Probeweekend

Am vergangenen Samstag fand das mit Vorfreude erwartete Probeweekend statt. Anders als in den letzten Jahren zog es uns dieses Jahr nicht nach Engelberg, sondern ins ungewohnte Aargauerland nach Vordemwald. Anstatt Spindle, kühlen Drinks und knackigen Weiber, hiess es Lagerhaus Adonia, Bier und heisse Fäger so weit das Auge reicht. 

Natürlich tönt jener Beschrieb nicht nach einer legendären Nacht, von welcher man noch seinen Enkeln erzählen wird. Jedoch war die diesjährige Variante in Form eines waschechten Männerabends eine nette Abwechslung zu vergangenen Jahren. Es wurde diskutiert, gelacht, gespielt, gesungen und getrunken. Alles in allem ein gemütliches Beisammensein unter guten Kumpels.

Erstaunlicherweise blieb die Quote der Alkoholleichen ziemlich tief. Einzig das Küchenteam um Wifi, Tschineichle und Mäsi machte einen ichhabwohlgesternzutiefinsGlasgeschaut Eindruck. An dieser Stelle ein Lob an die drei Spitzenköche, das Menü war köstlich!

Mögliche Gründe für diese überraschend tiefe Quote sind eindeutig: Die Fäger scheinen sich zu vernünftigen, erwachsenen und seriösen Herren entwickelt zu haben, was folgende Bilder eindrücklich beweisen!

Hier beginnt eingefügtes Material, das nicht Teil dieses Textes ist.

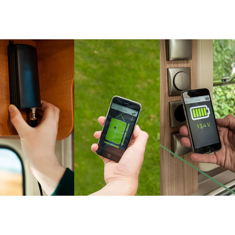Pakiet komfortu E-Trailer to modułowe czujniki E-Gaslevel, E-Waterlevel (40 cm) i E-Temperature do monitorowania gazu, wody oraz temperatury i wilgotności w kamperze. Zapewnia pełną kontrolę nad kluczowymi parametrami, zwiększając wygodę i bezpieczeństwo podróży. Wymaga pakietu startowego – idealny wybór dla fanów smart caravaningu.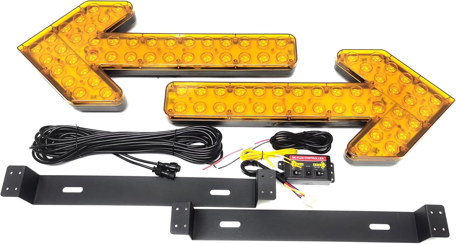 12V-24V LED Signal Light Bar Arrow Guide Lights Emergency Evacuation Warning Light Watering Cart Sweeper Work Car Construction Vehicle Pilot Light Wrecker Indicator Light (Amber lampshade Amber)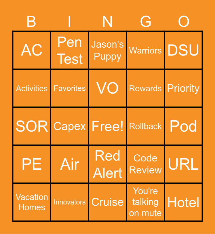 This bingo card has a free space and 44 words: Joke, Hotel, Resort, Vacation Homes, ARDA, You're talking on mute, Jason's Puppy, Coffee, DSU, Innovators, Warriors, Rollback, Red Alert, Air, Car, Cruise, VRBO, SOR, Defect, Priority, Pen Test, QA, Test Case, AC, Mob, Pod, PTO, PR, Code Review, PE, Wiki, URL, Dashboard, NG, Capex, Admin, CP, Snazzy, VO, Activities, Rewards, Credits, Favorites and Rate Rover.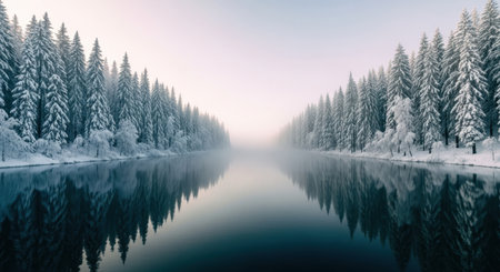 Snow covered spruce trees line a tranquil lake, their frosted branches perfectly reflected in the calm, dark blue water. a misty winter landscape creates a serene and peaceful natural scene.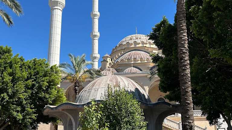 Die beiden Minarette sind schon von weitem zu erkennen, aber leider war eine Besichtigung im März 2018 nur von außen möglich, weil offenbar Renovierungsarbeiten stattfanden.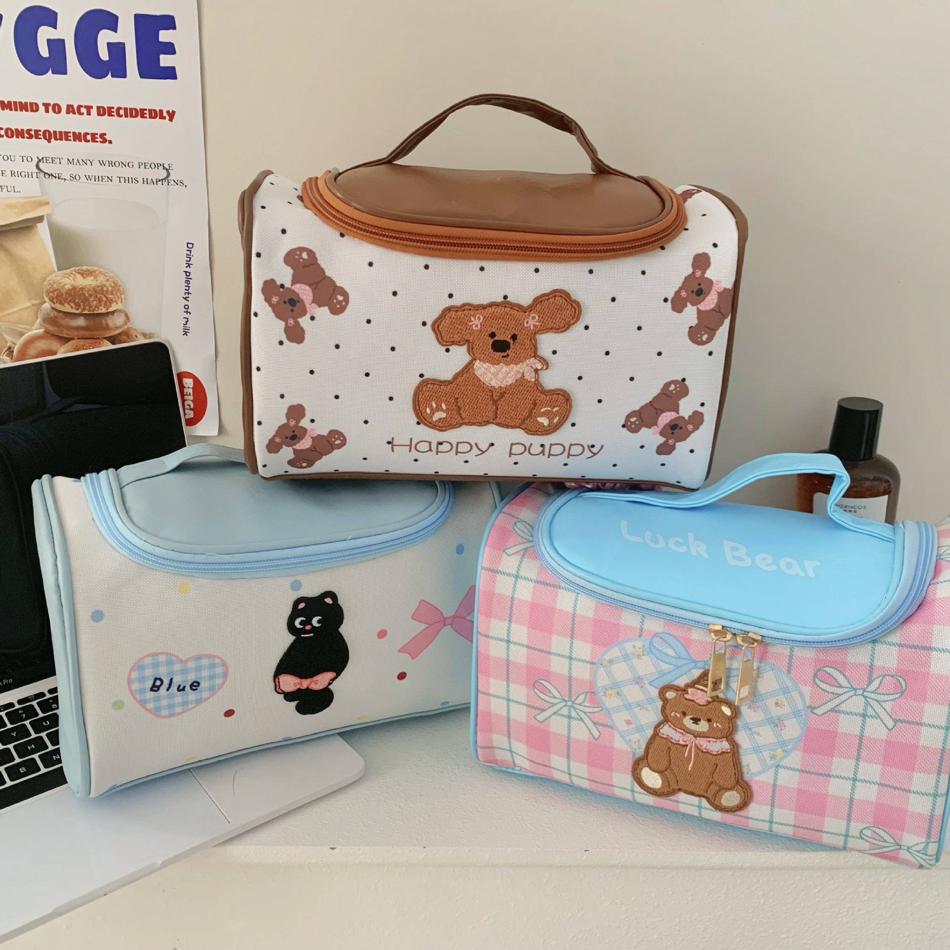 漫画の子猫の化粧袋の女性2024の新型の大容量のスキンケアの収納袋のかわいい携帯用の包み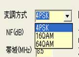 4.無線条件 -1.送信電力 dBmで入力 -2.変調方式 コンボボックスより選択(4PSK,16QAM,64QAM) |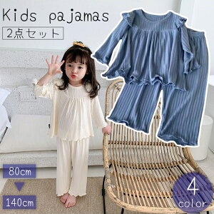 メロウフリルが随所に散りばめられた可愛いデザイン♪ リブ素材を使用した子ども用パジャマ、上下の2点セットです。 【サイズについて】 画像をご参照ください。 【カラーについて】 生産ロットにより柄の出方や色の濃淡が異なる場合が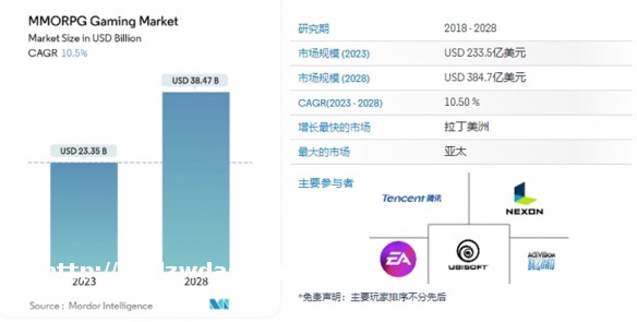 MMORPG游戏市场规模预计将从2023年的233.5亿美元增长到2028年的384.7亿美元。这个预测,对于近年存量市场**激烈的游戏行业来说,可谓是给了MMORPG一个非常强烈的增长讯号。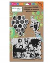 - Stamp different pieces of burlap paper from DCWV with the following stamps and StazON Inks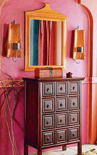挑選帶鏡子類的家具,如梳妝臺、衣鏡、穿衣鏡,要注意照一照,看看鏡子是否變形走色,檢查一下鏡子后部水銀處是否有內襯紙和背板,沒有背板不合格,沒紙也不行,否則會把水銀磨掉。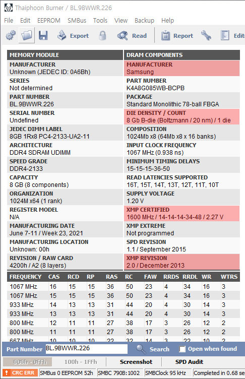 메모리 정보 타이푼 버너로 살펴보면 삼성의 B-die를 사용한 것을 확인할 수 있는데요. 제품 상세 설명에서 B-die를 사용했다고 홍보한 만큼 주 차별로 생산되는 모든 제품에 B-die를 선별하여 생산하는 느낌이 듭니다.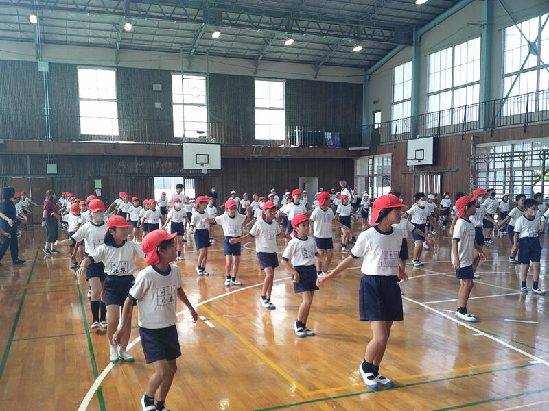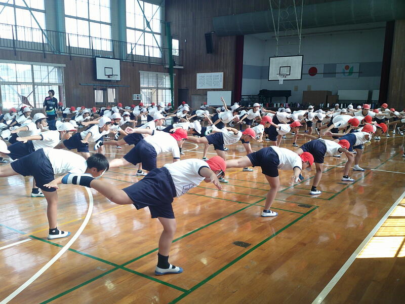10月になり、各学年での運動会練習も始まりました。1・2年生は運動場でかけっこの練習をしました。スタート練習や50mコースをまっすぐ走りぬく練習をしました。3・4年生は先週から「ソーラン節」の練習をしています。4年生が3年生に丁寧に教える姿が見られました。今日から「永尾ちょぼくれ」に挑戦しています。5・6年生は体育館に集まり、組体操の練習をしました。今日は一人技を中心に練習を行い、リズムに合わせて一斉に体を動かしていました。今後、2人技・3人技と挑戦していきます。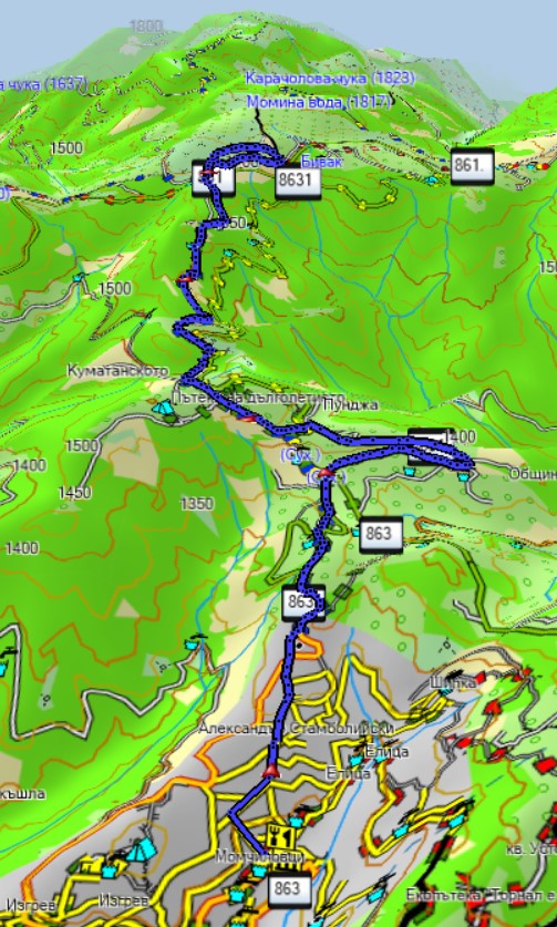 Разстояние: 7 км. – еднопосочно Сборно изкачване/спускане: +650/-130 Трудност: Умерено труден Цвят маркировка: син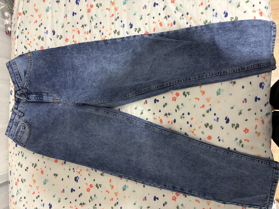 Pastel mavi tie-dye desenli, normal boy midi denim jean. Velcro detaylı, rahat kesim, günlük sokak stili için uygundur.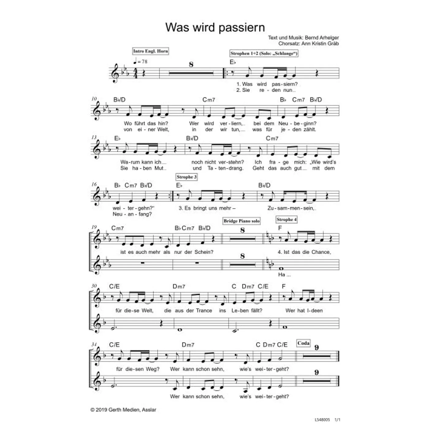 Was wird passiern (Kinderchor, Klavier, mit Akkorden, zweistimmig, Es-Dur, gleiche Reihe) Anni Gräb (Chorsatz), Bernd Arhelger (Klaviersatz) | Kinderchor, Klavier, mit Akkorden, zweistimmig, Es-Dur, gleiche Reihe | 3,80 € |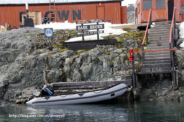 我们全船88位游客分组搭乘橡皮艇,靠向阿根廷的阿尔米兰泰布朗科考站。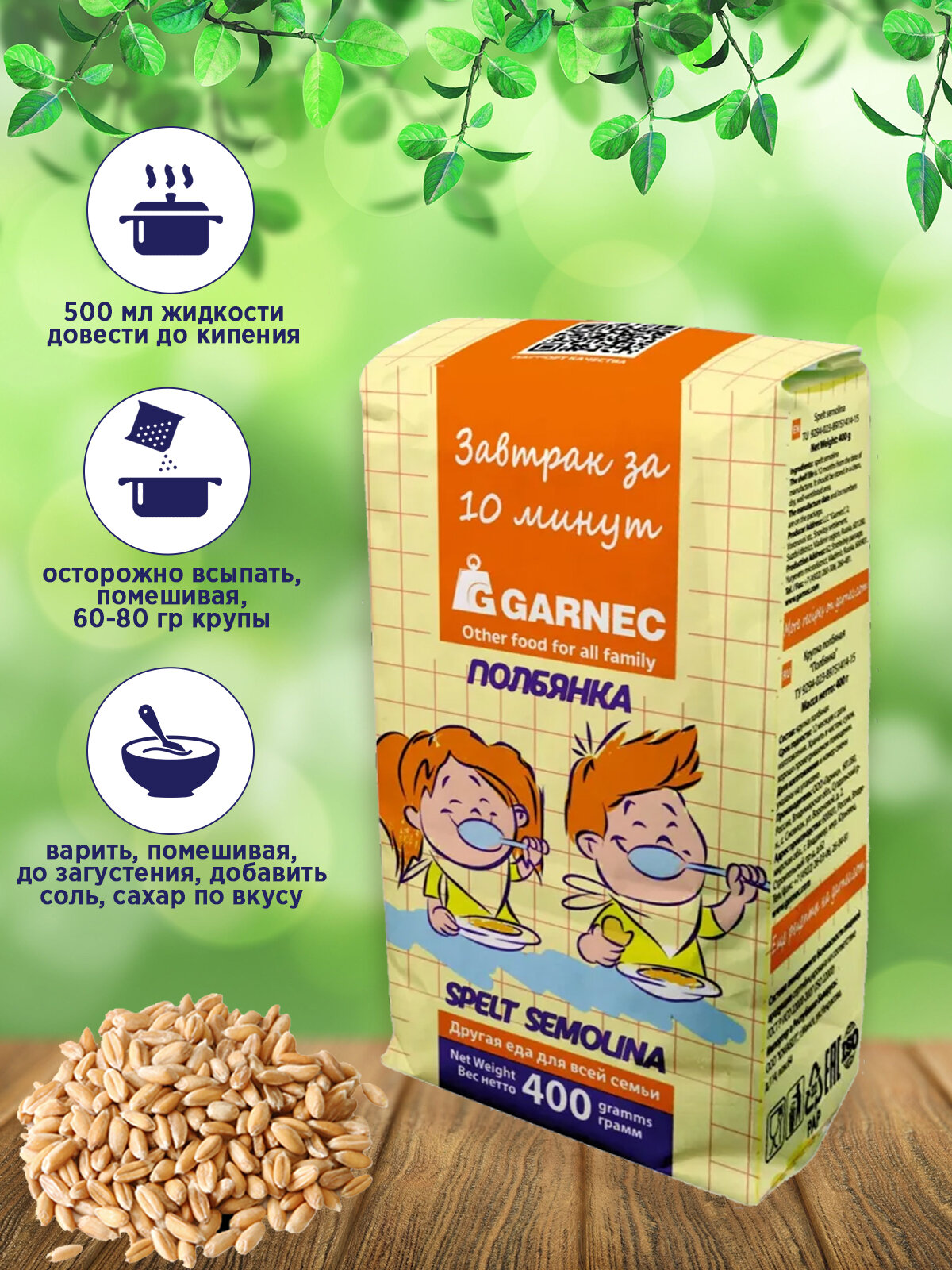 СохранитьКрупка манка полбяная (Полбянка) Garnec, 400 г (3 шт в наборе) интересное:

Aus dem Kampf der Register gingen auch dieses Jahr wieder klar die Posaunenvirtuosen hervor. Bereits zum vierten Mal in Serie bliesen sie der Konkurrenz einen Strich durch die Rechnung. Im grossen Finale "Voice of Fäger" bezwang Goldkelchen Benj Hobbysänger Schuum eindeutig nach Punkten.

Ach ja, Musik wurde natürlich auch noch praktiziert. Die Register- und Gesamtproben waren streng und verlangten höchste Konzentration. Das Resultat jener Proben lässt sich sehen! Die Phase des Feinschliffs hat begonnen und so konzentrierten sich die einzelnen Register auf Details in Rhythmik, Dynamik und Tempo. Zur Freude aller konnten Fortschritte erzielt werden, was uns erlaubt, gelassen auf den Vorfasnachtsstart am 8. Januar zu schauen.